Spelling Squad on the beat.

There is no problem with using “Hello” or “Hi” in writing your business email. Business writing is about writing as you would speak. Effective business writing is about building rapport. Hello and Hi are natural and friendly words to greet your readers in a manner that is less formal than the Dear _____, salutation you use for traditional letters. If the circumstances and the audience are appropriate, go ahead and use them.

Of course, this greeting is best used for readers you can call by their first names. Drop the formal titles of Mr., Mrs., and Ms.

The problem we normally encounter with using such greetings is the way we punctuate them.

Some people write it this way:

Hi Dennis,

They think that since this is as a substitute for Dear ___, we should follow the punctuation. Insert loud and irritating buzzer sound here to indicate it’s wrong.

The proper way to punctuate this salutation is this:

Hi, Dennis.

This follows the punctuation rule of enclosing in commas the name of the person you’re writing to.
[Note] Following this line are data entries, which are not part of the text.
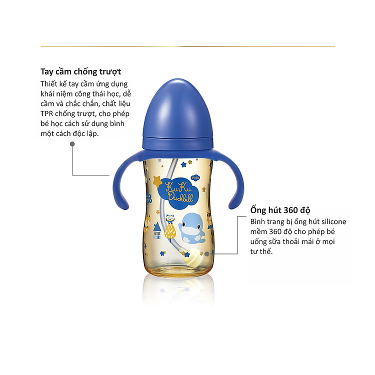 Điểm nổi bật của bình sữa này chính là tay cầm tiện lợi, giúp bé dễ dàng cầm nắm và tự uống, từ đó phát triển khả năng tự lập ngay từ nhỏ. Thể tích 330ml cũng rất lý tưởng cho những lần bú của bé, cung cấp đủ dinh dưỡng mà không cần phải thay bình thường xuyên.
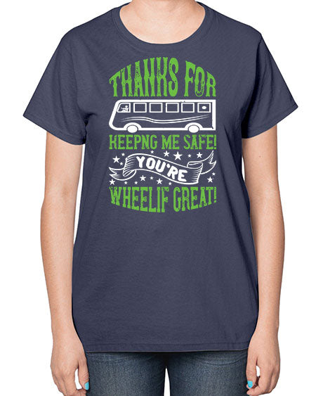 thanks for keepng me safe youre wheelif great Style 1493# - Bus Driver- Ladies T-Shirt
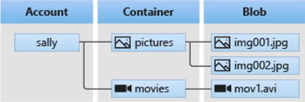 Mỗi Azure Storage Bucket sẽ bao gồm nhiều account names, mỗi account names sẽ có nhiều containers và mỗi container sẽ chứa nhiều file, hay còn gọi là blob.
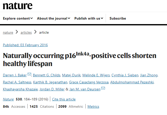 2016年2月,《Nature》雜志刊登了美國梅奧診所分子生物學家Baker的最新成果:以NK細胞為主的免疫細胞清除衰老細胞可使動物壽命延長20%-30%。
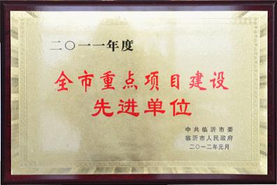 近日,中共临沂市委、临沂市人民政府公布了关于表彰2011年度全市重点项目建设先进区县开发区和先进单位的通报,我公司荣获“2011年度全市重点项目建设先进单位”荣誉称号。
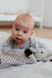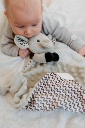 De geïntegreerde rammelaar klinkt zachtjes en ondersteunt de gehoorontwikkeling, terwijl de zachte siliconen bijtring verlichting biedt aan gevoelig tandvlees bij de eerste tandjes. Het doekje is ideaal voor het slapen, in de kinderwagen en op reis.
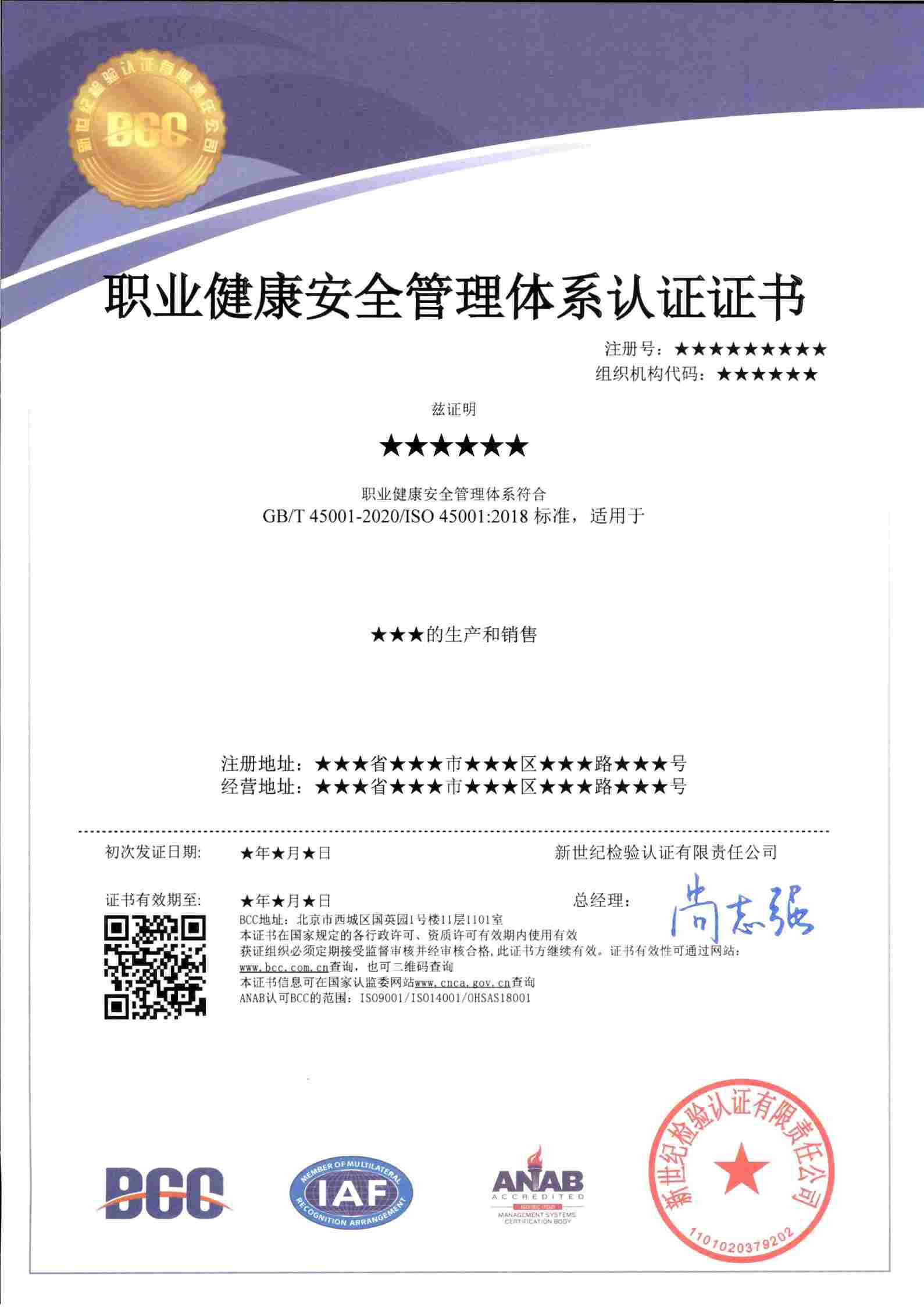 職業(yè)健康安全管理證書(shū)(ANAB) 職業(yè)健康安全管理證書(shū)(CNAS)

For example:

Yes, Sammy, we will meet on Saturday.

No, Carol.

So, my dear readers, hello and goodbye for now. I hope to be back here soon.

I am alive. I am still fighting the good fight. I have infiltrated a den of grammar bandits involved in everything from minor punctuation misdemeanors to gruesome language murders. Some crimes are truly heinous.

Yes, I'm back to teaching sophomores. There are not enough doughnuts in the world to make grammar pulis's job easier.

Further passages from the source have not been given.